Reynolds N J, Talwar H S, Baldassare J J, Henderson P A, Elder J T, Voorhees J J, Fisher G J
Department of Dermatology, University of Michigan, Ann Arbor 48109.
Biochem J. 1993 Sep 1;294 ( Pt 2)(Pt 2):535-44. doi: 10.1042/bj2940535.
We have investigated coupling between the epidermal growth factor (EGF) receptor and the phospholipase C (PLC)/protein kinase C (PKC) signal-transduction system in normal skin fibroblasts and keratinocytes, for which EGF and transforming growth factor alpha (TGF-alpha) are mitogenic. EGF and TGF-alpha induced a rapid increase in tyrosine phosphorylation of the EGF receptor, in both fibroblasts and keratinocytes, but failed to induce tyrosine phosphorylation of PLC-gamma 1 or detectable phosphoinositide hydrolysis, as measured by two sensitive assays. In fibroblasts, EGF induced phosphatidylcholine (PC) hydrolysis, resulting in increased diacylglycerol (DAG). In contrast, in keratinocytes, there was no detectable PC hydrolysis or elevation of DAG in response to EGF or TGF-alpha. EGF and TGF-alpha activated PKC in fibroblasts, as evidenced by increased phosphorylation of a specific cellular PKC substrate (myristoylated alanine-rich C-kinase substrate, 'MARCKS'). In keratinocytes, TGF-alpha and EGF induced only a modest increase in MARCKS protein phosphorylation. This apparent modest activation of PKC, in the absence of detectable DAG formation, may have been mediated by arachidonic acid, which was released from keratinocytes in response to TGF-alpha, and has been shown to stimulate PKC activity in vitro. These data demonstrate that (1) in dermal fibroblasts and keratinocytes, which express normal levels of EGF receptors, EGF receptor activation is not coupled to tyrosine phosphorylation of PLC-gamma 1 or PtdIns hydrolysis, suggesting that these events are not required for the mitogenic activity of EGF or TGF-alpha in these cells, (2) coupling of EGF receptor to PC hydrolysis is cell-type specific, and (3) in skin fibroblasts, DAG, formed through EGF-induced PC hydrolysis, is capable of activating PKC.

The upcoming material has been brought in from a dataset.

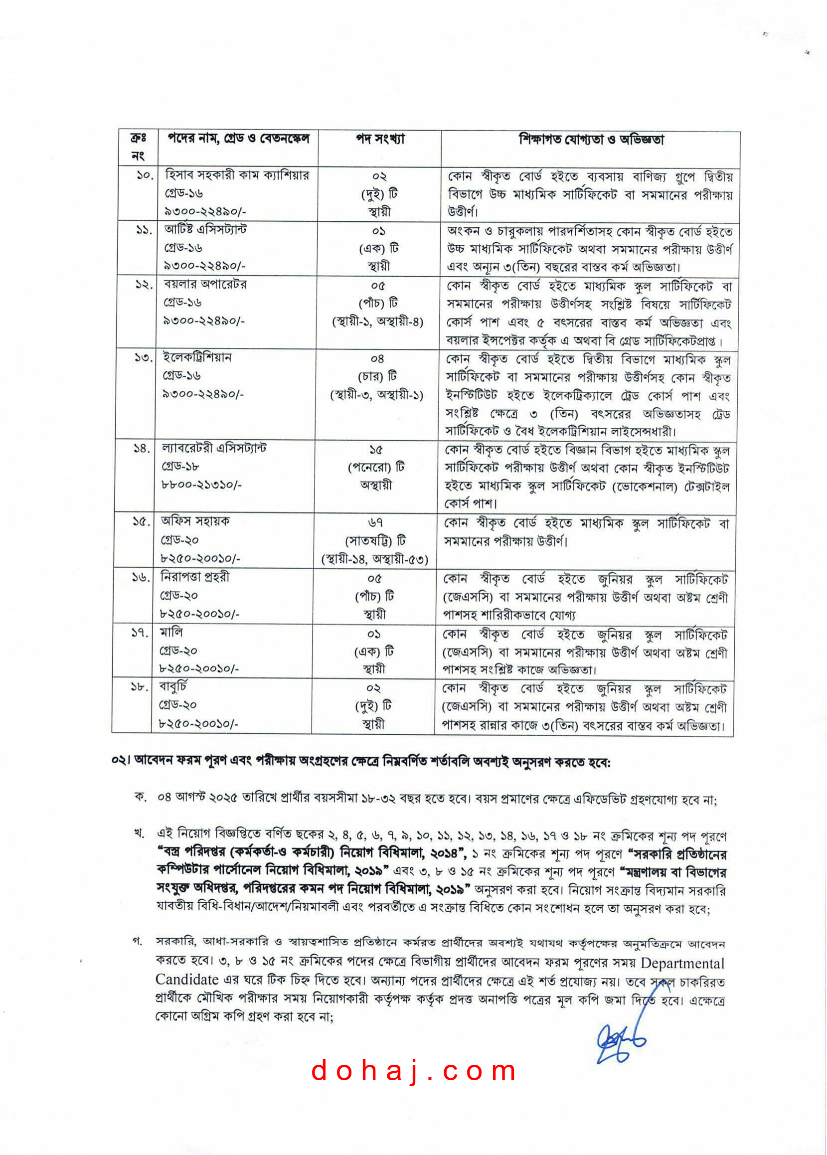 বেতন স্কেল: ১০,২০০–২৪,৬৮০/- টাকা।

我们研究了正常皮肤成纤维细胞和角质形成细胞中表皮生长因子(EGF)受体与磷脂酶C(PLC)/蛋白激酶C(PKC)信号转导系统之间的偶联,其中EGF和转化生长因子α(TGF-α)具有促有丝分裂作用。EGF和TGF-α在成纤维细胞和角质形成细胞中均能迅速诱导EGF受体的酪氨酸磷酸化增加,但未能诱导PLC-γ1的酪氨酸磷酸化或通过两种灵敏检测方法测得的可检测到的磷酸肌醇水解。在成纤维细胞中,EGF诱导磷脂酰胆碱(PC)水解,导致二酰基甘油(DAG)增加。相反,在角质形成细胞中,未检测到PC水解或对EGF或TGF-α的DAG升高。EGF和TGF-α激活了成纤维细胞中的PKC,这通过特定细胞PKC底物(肉豆蔻酰化富含丙氨酸的C激酶底物,“MARCKS”)磷酸化增加得以证明。在角质形成细胞中,TGF-α和EGF仅诱导MARCKS蛋白磷酸化适度增加。在未检测到DAG形成的情况下,PKC这种明显的适度激活可能是由花生四烯酸介导的,花生四烯酸是角质形成细胞响应TGF-α释放的,并且已证明在体外可刺激PKC活性。这些数据表明:(1)在表达正常水平EGF受体的真皮成纤维细胞和角质形成细胞中,EGF受体激活与PLC-γ1的酪氨酸磷酸化或磷脂酰肌醇水解不偶联,这表明这些事件对于这些细胞中EGF或TGF-α的促有丝分裂活性不是必需的;(2)EGF受体与PC水解的偶联具有细胞类型特异性;(3)在皮肤成纤维细胞中,通过EGF诱导的PC水解形成的DAG能够激活PKC。